What to do with the large internal disk? Think think think. With David’s help, we pulled out my second internal disk (a 2 GB Western Digital drive; as described in January, 2000, issue #57 Nemo Memo) and put the bigger one in its place. So far so good. I’m still using the original Apple equipment 1 GB disk as primary volume in my blazing fast 7200/120/64, and I plan to make the speedier IBM drive the startup disk.

If this is getting to be too confusing, I understand. For now everything works well, and I expect that lonesome 2 GB internal drive will inspire me to more monkey business and raw material for a future column.


“Three Snippets”

Before I blast this column to our esteemed editorial team I want to add three quickies:

1. No more Jaz?

I called to order a Jaz drive for a friend, and was told that Iomega’s Jaz units have stopped shipping. What happened? Did the ubiquitous Zip gravy train derail the larger capacity Jaz? I hoped Jaz hardware and media would come down in price into the very affordable range, but the new 250 MB capacity Zip drives and disks are better value, if less convenient for archiving larger quantities of data. Oh, well. Some great ideas will fizzle.

2. Reinstall that app!

Yesterday my clever pal David was assisting me over the phone troubleshooting some problems I was having using VistaScan software in the Advanced mode. Unable to do an “Easy” reinstall, we both became frustrated, and David offered to help me in person.

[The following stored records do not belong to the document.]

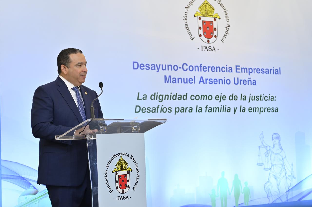 El magistrado participó como orador invitado en la duodécima edición del Desayuno-Conferencia Empresarial Manuel Arsenio Ureña, organizado por la Fundación Arquidiocesana Santiago Apóstol (FASA), actividad celebrada en el Gran Salón Samán del Hotel Santiago Curio Collection by Hilton para respaldar las labores del Arzobispado de Santiago.
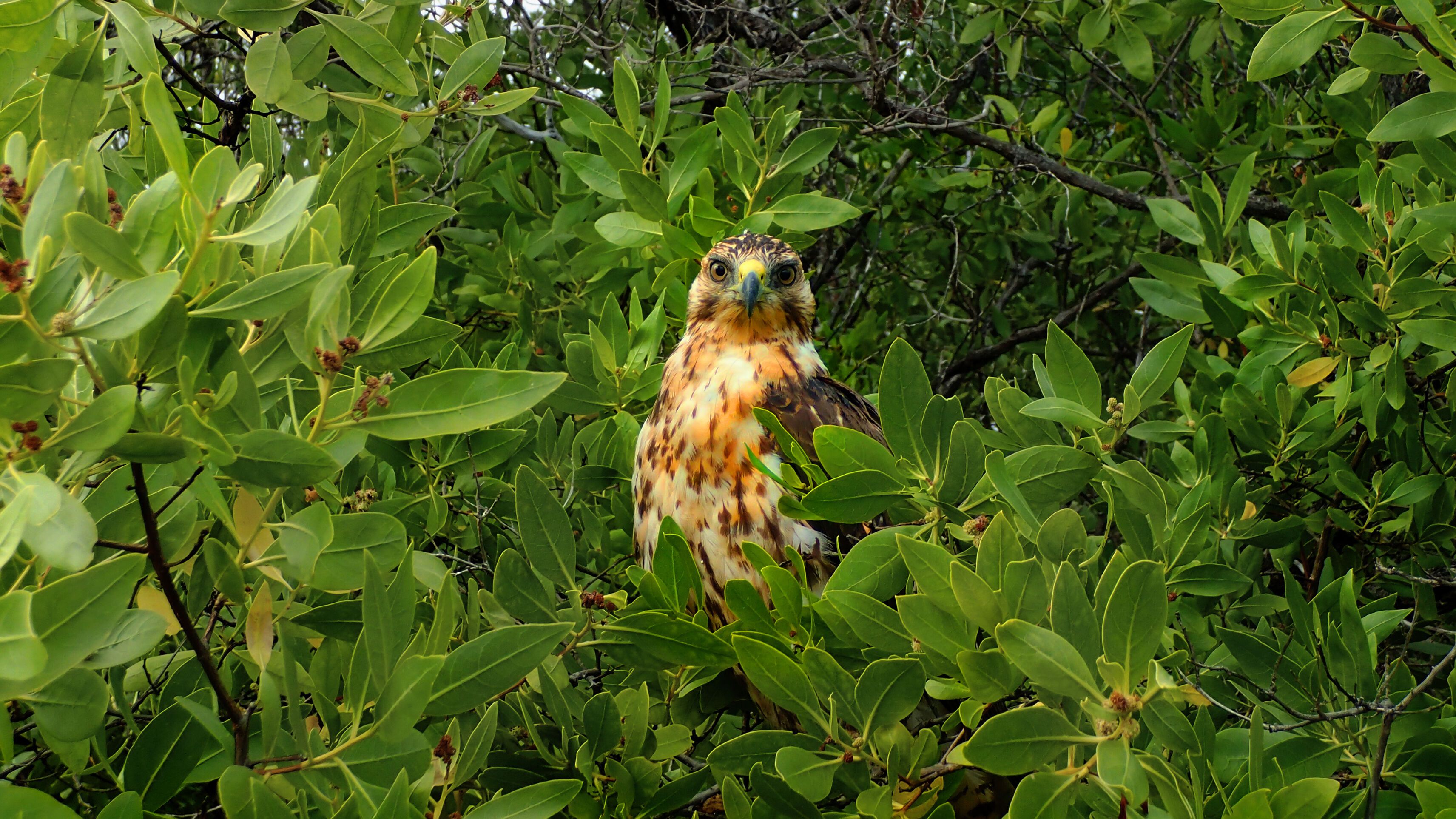 Sadly, our expedition aboard National Geographic Gemini is nearing its end. Our day began with a hike at the base of towering cliffs. A steep ascent led us to a plateau of a palo santo forest, sparse and otherworldly. Almost immediately, we were surrounded by red-footed boobies nesting in low trees and Nazca boobies on the ground. A highlight was spotting a short-eared owl perched silently among a lava crevice, camouflaged and hunting storm petrels. The calls of frigatebirds rang in the air, with their inflated red pouches on full display in a mating show. After our hike we enjoyed water activities, such as kayaking along the cliffs and snorkeling. In the late afternoon, we landed on the coral sand beach of Darwin Bay. Guests enjoyed a relaxing stroll along the shoreline bordered by mangroves and nesting bird colonies. The presence of swallow-tailed gulls, lava herons, and marine iguanas provided excellent photo opportunities.
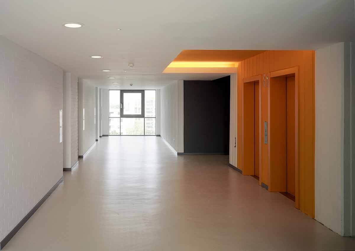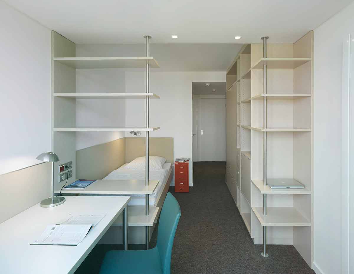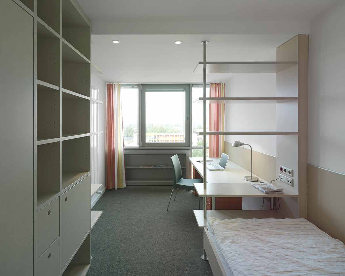 Das konstruktive System des Internatshochhauses aus tragenden Stahlbetonschotten im Abstand von 3,00 m verbot die Vergrößerung der Zimmer durch das Zusammenlegen von Einheiten. Die Balkone wurden zur Zimmerfläche addiert, so dass sich eine Grundfläche von 18 m2 ergibt. Die Balkonbrüstungen werden abgenommen. Die neue Fassade ist weitgehend verglast und enthält für jedes Zimmer eine farbige, nach außen ragende Blech“kiste“, die zum Raum hin als Regal nutzbar ist. Den entstandenen Innenraum gliedern wir mit einem Raumteiler in den hellen und den dunklen Bereich, der variabel möblierbar ist. In den niedrigen Fluren ohne Tageslicht mit unterschiedlichen Wandoberflächen betonen wir den Kunstlicht-Charakter: Es gibt einen sehr hellen, Licht reflektierende Boden und optisch zurücktretende dunkle Wände und Decken. Licht betont jeweils die weißen Zimmertüren und die Farbflächen, die als monochrome Bilder die Mittelwand gestalten.
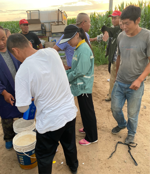 与农户一起拌药
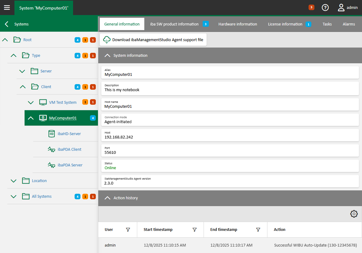 For support cases, you can use the button <Download ibaManagementStudio Agent support file> to generate and download a ZIP file in which all relevant settings and configurations for ibaManagementStudio Agent are saved. You can send this ZIP file to iba support for troubleshooting assistance.
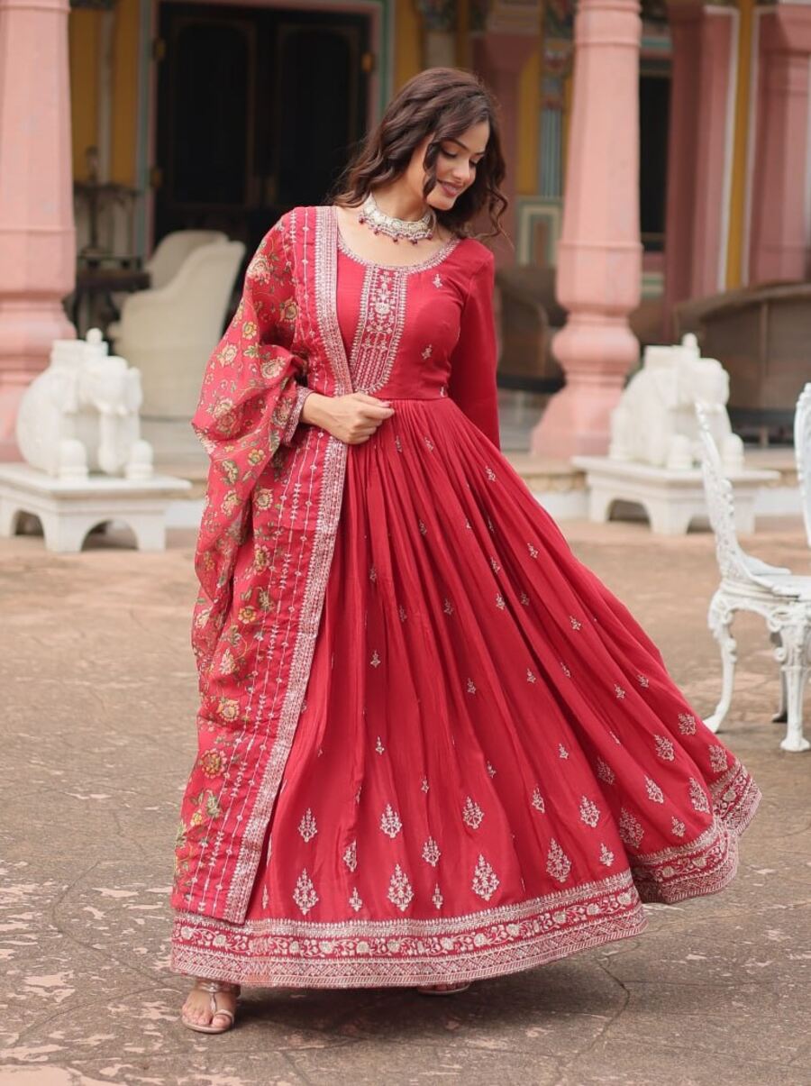 FANCY CHINON SEQUENCE EMBROIDERY WORK GOWN WITH DUPATTA RED
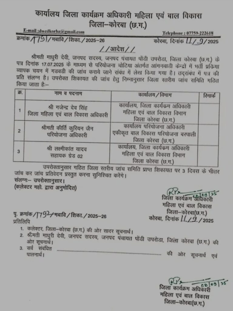 कोरबा। जिले के आकांक्षी ब्लॉक पोंड़ी उपरोड़ा अंतर्गत महिला एवं बाल विकास विभाग के चोटिया परियोजना में आंगनबाड़ी कार्यकर्ता/सहायिका भर्ती प्रक्रिया में अनियमितताओं के आरोप लगने के बाद जिला प्रशासन ने सख्त कदम उठाया है। कलेक्टर के निर्देश पर जिला कार्यक्रम अधिकारी (डीपीओ) श्रीमती रेणु प्रकाश ने तीन सदस्यीय जिला स्तरीय जांच समिति गठित की है।
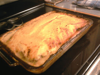 Evenly spread the mashed potatoes on top of the meatloaf. Trust me, you want the stuff to be all sitting in the large casserole dish fairly evenly. Otherwise you'll end up with meat spots less/more cooked than others, and the potatoes might burn in places....it's just best to have it even!
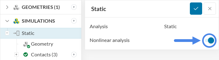 In the simulation properties window that opens, enable the Nonlinear analysis option:
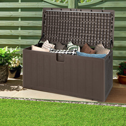 Have you ever been troubled by too many sundries in your home with nowhere to store them? This deck box will help you solve this problem. 400L capacity provides you with ideal storage space to hold daily supplies in a neat and orderly way, including cushions, garden tools and pool accessories, etc. Other than that, the storage container can be served as an extra seating for two kids. The storage box is made of sun-proof resin material to ensure incredible durability and long lasting performance. Considering better using experience, the pre-installed straps allow quick access to the items while side handles make it easier to move from one place to another place. And lockable design highly improves its security.
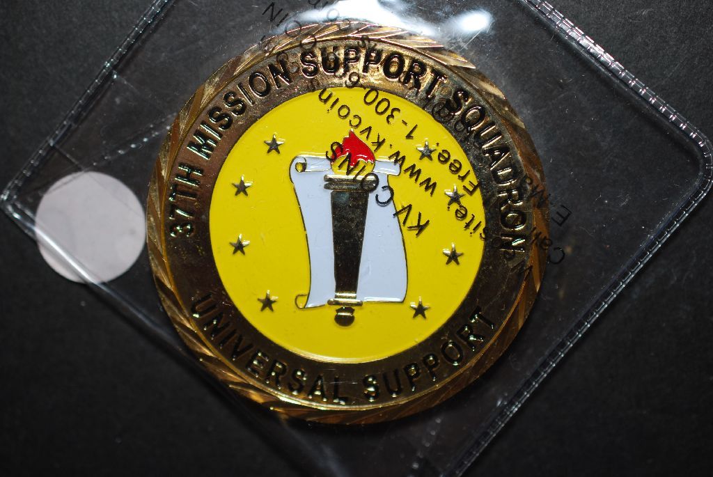 37th Mission Support Squadron Military Challenge Medal Presented By The Commander; Universal Support, Integrity, Service, Excellence; EST. $5-10

The problem had two aspects: 1) when he selected the mission-critical components from VistaScan’s “Custom Install” option, the ensuing reinstallation was a breeze; and 2) once the application was freshly installed, all problems disappeared.

LESSON: just like doing a “clean install” or a full “initialize + install” of system software when OS problems persist, you will save a lot of time and anguish by reinstalling your application software when things get exceptionally buggy.

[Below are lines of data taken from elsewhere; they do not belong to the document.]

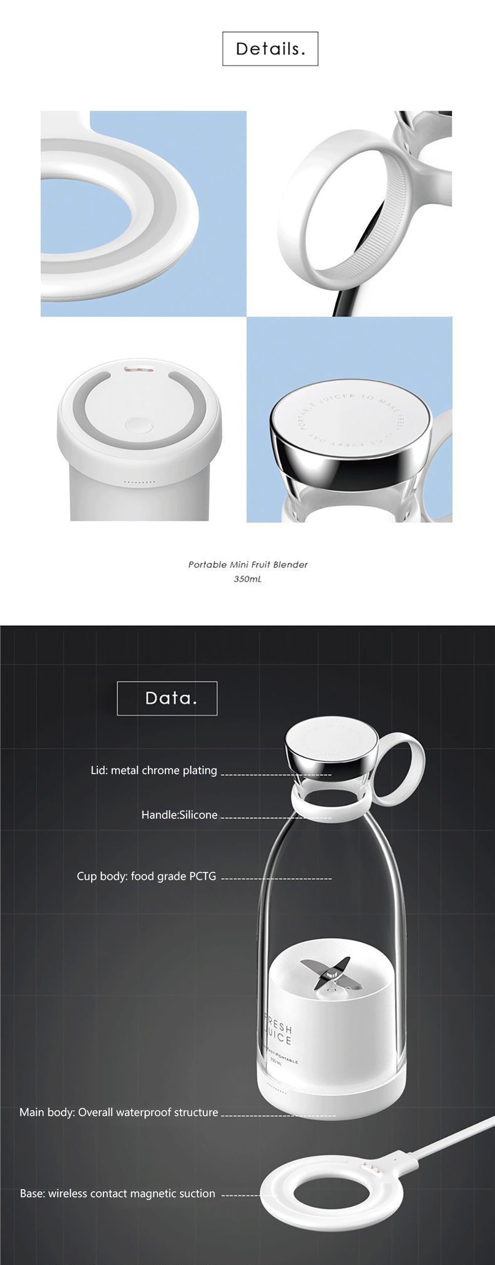 - The mini blender is easy to carry like a water bottle, can hold 350ml of juice, weighs only 490g, has a beautiful appearance.It can also be used as a water cup, no need to remove the motor, easy to carry. It is suitable for home, work, picnic,school Gym or travel
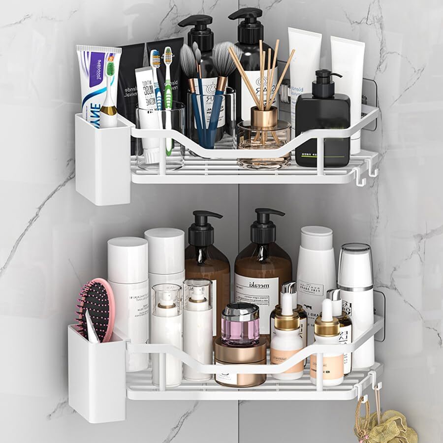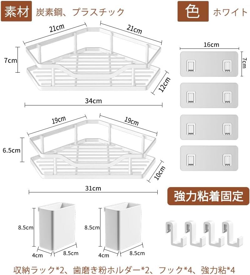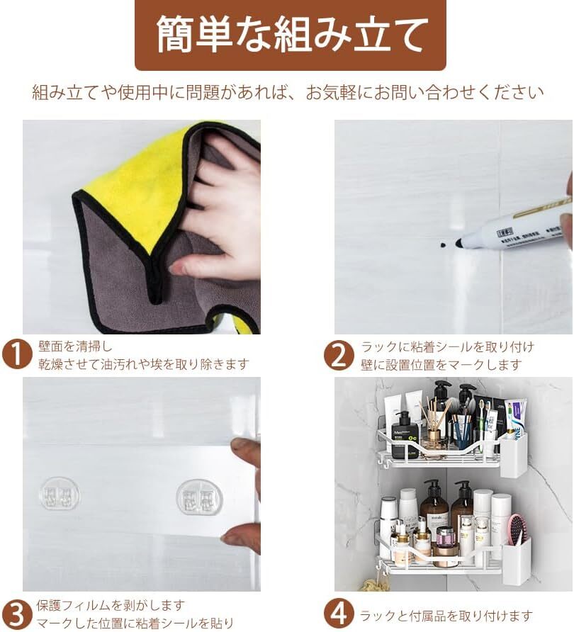 スタイリッシュデザイン ホワイト色 Zilnox 浴室用ラック ステンレス シャワーラック 強力粘着固定 大容量 お風呂 収納 浴室
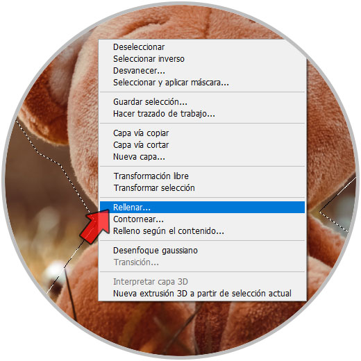 Una vez cerremos la selección veremos que se selecciona nuestro elemento de interés. Ahora hacemos clic derecho sobre la selección y elegimos “Rellenar”
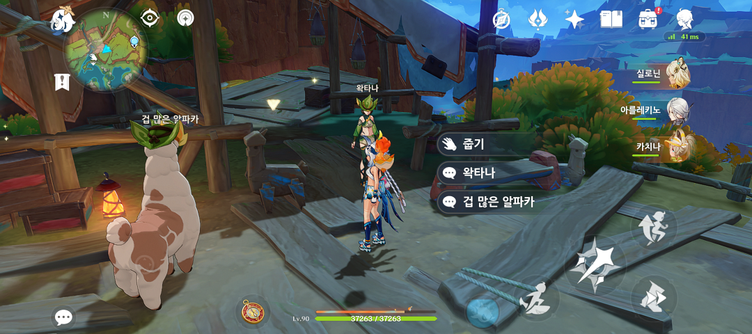 '왁타나'에게 상황 설명을 듣고 3마리의 알파카에게 대화를 시도해 보지만 그들을 친구 만들기에 실패합니다.
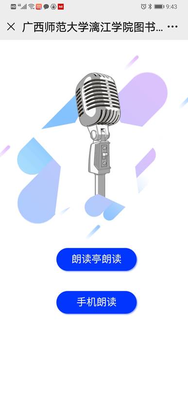 (2) 博看朗读小程序参赛:关注图书馆微信公众号,从底部菜单进入“资源信息”中的“在线朗读”博看朗读小程序,现在朗读亭参赛或手机朗读参赛。
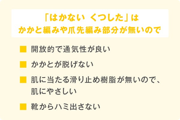 2022/06/28 17:00こんにちは!NAIGAI Lab の遠藤です。今年は早くも6月に梅雨が明け、40℃に近い猛暑エリアも。素足で靴を履きたい、ただ靴にニオイがついて気になる・・・そんな時のためにフットカバーなどの浅履きソックスが誕生しました。かかとがズレないように かかと内側の滑り止めが肌にピッタリ当たる商品もありますが、肌の弱い方はトラブルを起こされるケースもあるようです。そんな ” かかと問題 ” を少しでも解決したいと思ったのが「はかないくつした」を開発した理由のひとつです。今年の猛暑を乗り切るために、この新しいクールスタイルを是非お試しください! もっと見る

3. Do you know the way to Timbuktu?

While David was here yesterday he loaded an application called Timbuktu Pro on my computer, and within seconds we were using TCP/IP to view and access his computer, miles away! I had heard of this astonishing technology before, but had never seen it in action. There are several flavors of this software, so power users, gurus, tutors, and their clients/students/family/neighbors/friends/mooches should investigate Timbuktu from a company called Netopia.